- IATA: none; ICAO: none; FAA LID: D37;

Summary
- Airport type: Public
- Owner: City of Warren
- Serves: Warren, Minnesota
- Elevation AMSL: 888 ft / 271 m
- Coordinates: 48°11′28″N 096°42′41″W﻿ / ﻿48.19111°N 96.71139°W

Map
- D37 Location of airport in MinnesotaD37D37 (the United States)

Runways
| Direction | Length |  | Surface |
| ft | m |
| 12/30 | 3,199 | 975 | Asphalt |
| 4/22 | 2,578 | 786 | Turf |

Statistics (2010)
- Aircraft operations: 19,000
- Based aircraft: 6
- Source: Federal Aviation Administration

= Warren Municipal Airport (Minnesota) =

Warren Municipal Airport is a city-owned, public-use airport located two nautical miles (4 km) east of the central business district of Warren, a city in Marshall County, Minnesota, United States.

== Facilities and aircraft ==
The Warren City Council voted to build an airport in 1965 for an estimated cost of $109,000. A dedication ceremony took place in August 1966.

Warren Municipal Airport covers an area of 167 acres (68 ha) at an elevation of 888 feet (271 m) above mean sea level. It has two runways: 12/30 is 3,199 by 75 feet (975 x 23 m) with an asphalt surface and 4/22 is 2,578 by 200 feet (786 x 61 m) with a turf surface.

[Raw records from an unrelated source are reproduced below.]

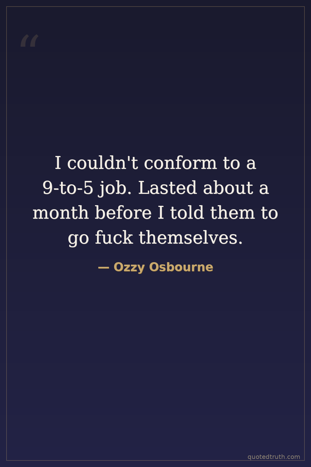 I couldn't conform to a 9-to-5 job. Lasted about a month before I told them to go fuck themselves.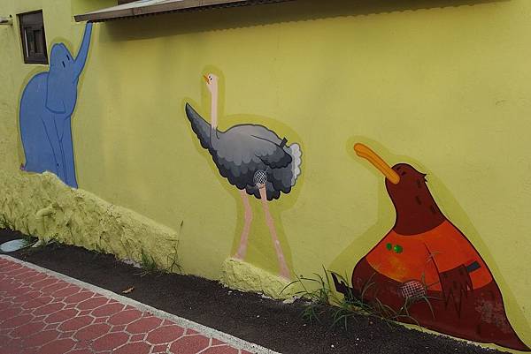 走進童話村,映入眼簾的是那分佈各處的鮮明色彩:以花朵、動物與世界知名的童話故事為主題,分別繪製成的漂亮壁畫。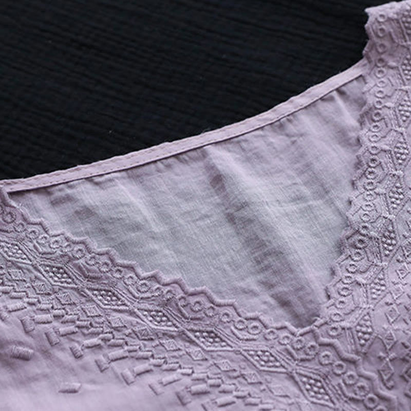 Buddha Stones Summer Casual Embroidered Pattern Women's V-Neck Design Half Sleeve Cotton Linen T-shirt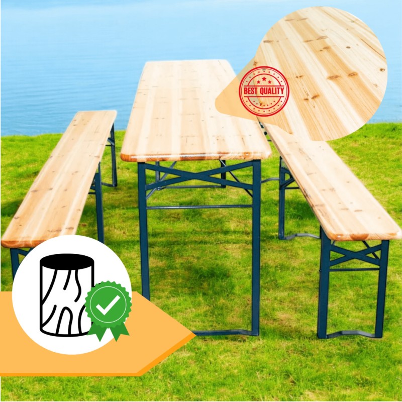 Ławki: 220 x 25 x 46 cm → Wytrzymałość do 150 kg na ławkę!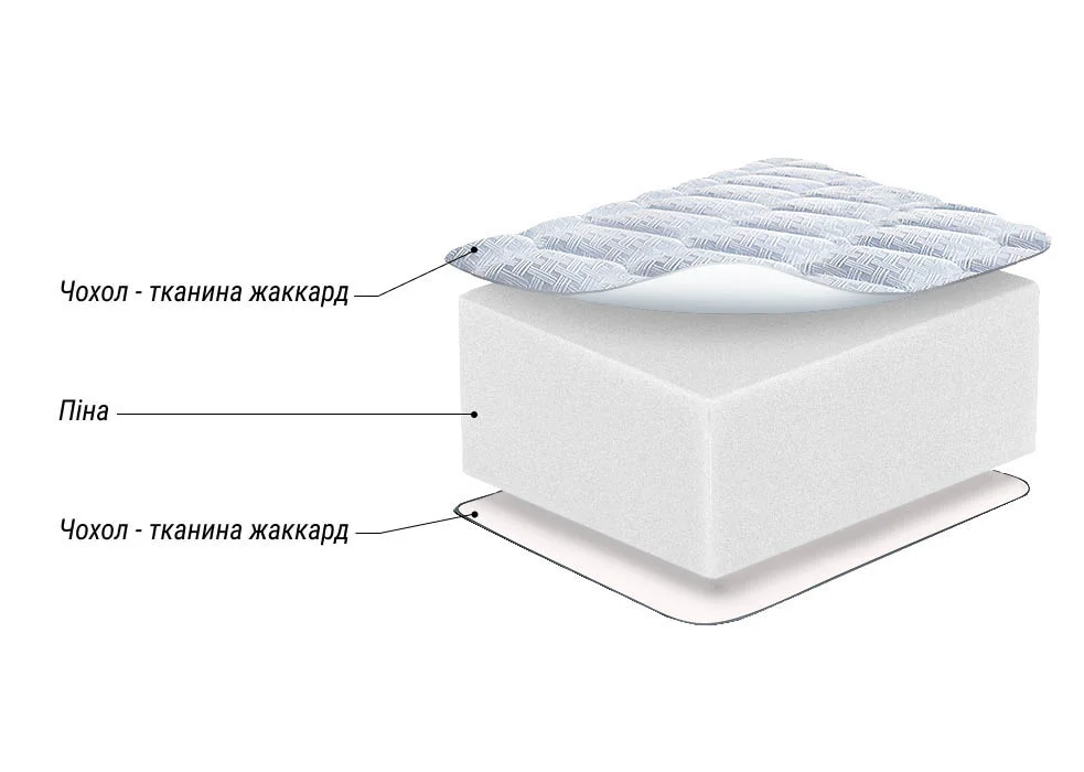 Ортопедическая пена. Пена высокой плотности, нетоксичный, долговечный и гипоаллергенный материал, способствующий правильному распределению давления на разные участки тела, снимает нагрузку с сосудов и улучшает кровообращение во время сна. Она легко адаптируется под контуры тела человека и быстро восстанавливает свою первоначальную форму после сжатия, придает комфортность и усиливает ортопедические свойства матраса.

For the 12-month period ending August 25, 2010, the airport had 19,000 general aviation aircraft operations, an average of 52 per day. At that time there were six aircraft based at this airport, all single-engine. General aviation traffic is from agricultural aircraft during the summer growing season, and from training activity from the University of North Dakota.